Here are glimpses of what the youth was to be, of what the man who long outlived him became. Here is the dignity which commands reverence,—a dignity which, with all Ralph Waldo Emerson's sweetness of manner and expression, rose almost to majesty in his serene presence. There was something about Charles Emerson which lifted those he was with into a lofty and pure region of thought and feeling. A vulgar soul stood abashed in his presence. I could never think of him in the presence of such, listening to a paltry sentiment or witnessing a mean action without recalling Milton's line,

"Back stepped those two fair angels half amazed,"

and thinking how he might well have been taken for a celestial messenger.

No doubt there is something of idealization in all these reminiscences, and of that exaggeration which belongs to the laudator temporis acti. But Charles Emerson was idolized in his own time by many in college and out of college. George Stillman Hillard was his rival. Neck and neck they ran the race for the enviable position of first scholar in the class of 1828, and when Hillard was announced as having the first part assigned to him, the excitement within the college walls, and to some extent outside of them, was like that when the telegraph proclaims the result of a Presidential election,—or the Winner of the Derby. But Hillard honestly admired his brilliant rival. "Who has a part with **** at this next exhibition?" I asked him one day, as I met him in the college yard. "***** the Post," answered Hillard. "Why call him the Post?" said I. "He is a wooden creature," said Hillard. "Hear him and Charles Emerson translating from the Latin Domus tota inflammata erat. The Post will render the words, 'The whole house was on fire.' Charles Emerson will translate the sentence 'The entire edifice was wrapped in flames.'" It was natural enough that a young admirer should prefer the Bernini drapery of Charles Emerson's version to the simple nudity of "the Post's" rendering.

* * * * *

The nest is made ready long beforehand for the bird which is to be bred in it and to fly from it. The intellectual atmosphere into which a scholar is born, and from which he draws the breath of his early mental life, must be studied if we would hope to understand him thoroughly.

When the present century began, the elements, thrown into confusion by the long struggle for Independence, had not had time to arrange themselves in new combinations. The active intellects of the country had found enough to keep them busy in creating and organizing a new order of political and social life. Whatever purely literary talent existed was as yet in the nebular condition, a diffused luminous spot here and there, waiting to form centres of condensation.

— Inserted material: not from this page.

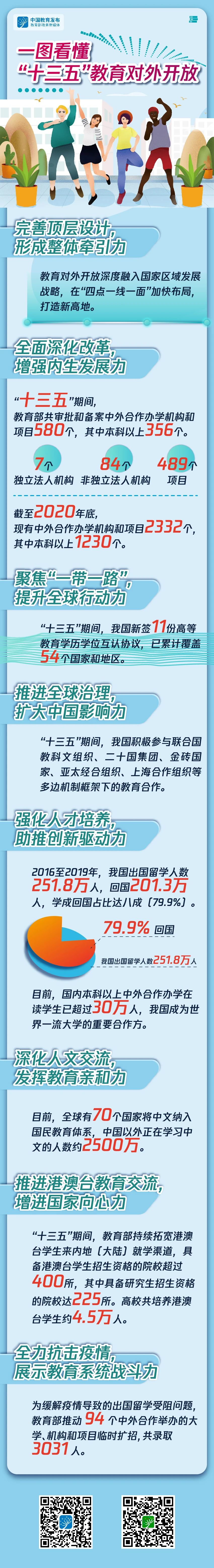 “十三五”期间,我国新签11份高等教育学历学位互认协议,已累计覆盖54个国家和地区;国内本科以上中外合作办学在读学生已超过30万人,我国成为世界一流大学的重要合作方;全球有70个国家将中文纳入国民教育体系,中国以外正在学习中文的人数约2500万......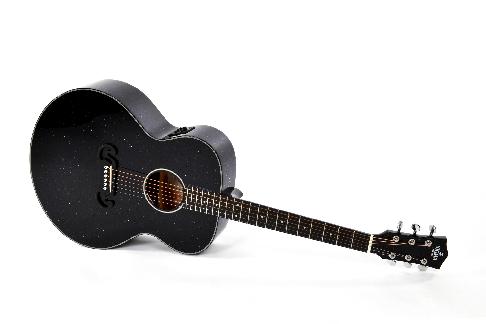 Este modelo Grand Jumbo ha sido diseñado para ofrecer una presencia sonora amplia y equilibrada, con una tapa de abeto Sitka macizo, fondo y aros de caoba, así como un mástil de caoba. Su diapasón de micarta, sus silletas de hueso y su escala de 25,4" (645 mm) contribuyen a un tacto preciso y cómodo. La electrónica Fishman Presys II con afinador integrado permite una amplificación fiable, mientras que las clavijas cromadas de engranajes cerrados aseguran una afinación estable. Su acabado negro con purpurina le da un aspecto distintivo.

Such a nebular spot had been brightening in and about Boston for a number of years, when, in the year 1804, a small cluster of names became visible as representing a modest constellation of literary luminaries: John Thornton Kirkland, afterwards President of Harvard University; Joseph Stevens Buckminster; John Sylvester John Gardiner; William Tudor; Samuel Cooper Thacher; William Emerson. These were the chief stars of the new cluster, and their light reached the world, or a small part of it, as reflected from the pages of "The Monthly Anthology," which very soon came under the editorship of the Reverend William Emerson.

The father of Ralph Waldo Emerson may be judged of in good measure by the associates with whom he was thus connected. A brief sketch of these friends and fellow-workers of his may not be out of place, for these men made the local sphere of thought into which Ralph Waldo Emerson was born.

John Thornton Kirkland should have been seen and heard as he is remembered by old graduates of Harvard, sitting in the ancient Presidential Chair, on Commencement Day, and calling in his penetrating but musical accents: "Expectatur Oratio in Lingua Latina" or "Vernacula," if the "First Scholar" was about to deliver the English oration. It was a presence not to be forgotten. His "shining morning face" was round as a baby's, and talked as pleasantly as his voice did, with smiles for accents and dimples for punctuation. Mr. Ticknor speaks of his sermons as "full of intellectual wealth and practical wisdom, with sometimes a quaintness that bordered on humor." It was of him that the story was always told,—it may be as old as the invention of printing,—that he threw his sermons into a barrel, where they went to pieces and got mixed up, and that when he was going to preach he fished out what he thought would be about enough for a sermon, and patched the leaves together as he best might. The Reverend Dr. Lowell says: "He always found the right piece, and that was better than almost any of his brethren could have found in what they had written with twice the labor." Mr. Cabot, who knew all Emerson's literary habits, says he used to fish out the number of leaves he wanted for a lecture in somewhat the same way. Emerson's father, however, was very methodical, according to Dr. Lowell, and had "a place for everything, and everything in its place." Dr. Kirkland left little to be remembered by, and like many of the most interesting personalities we have met with, has become a very thin ghost to the grandchildren of his contemporaries.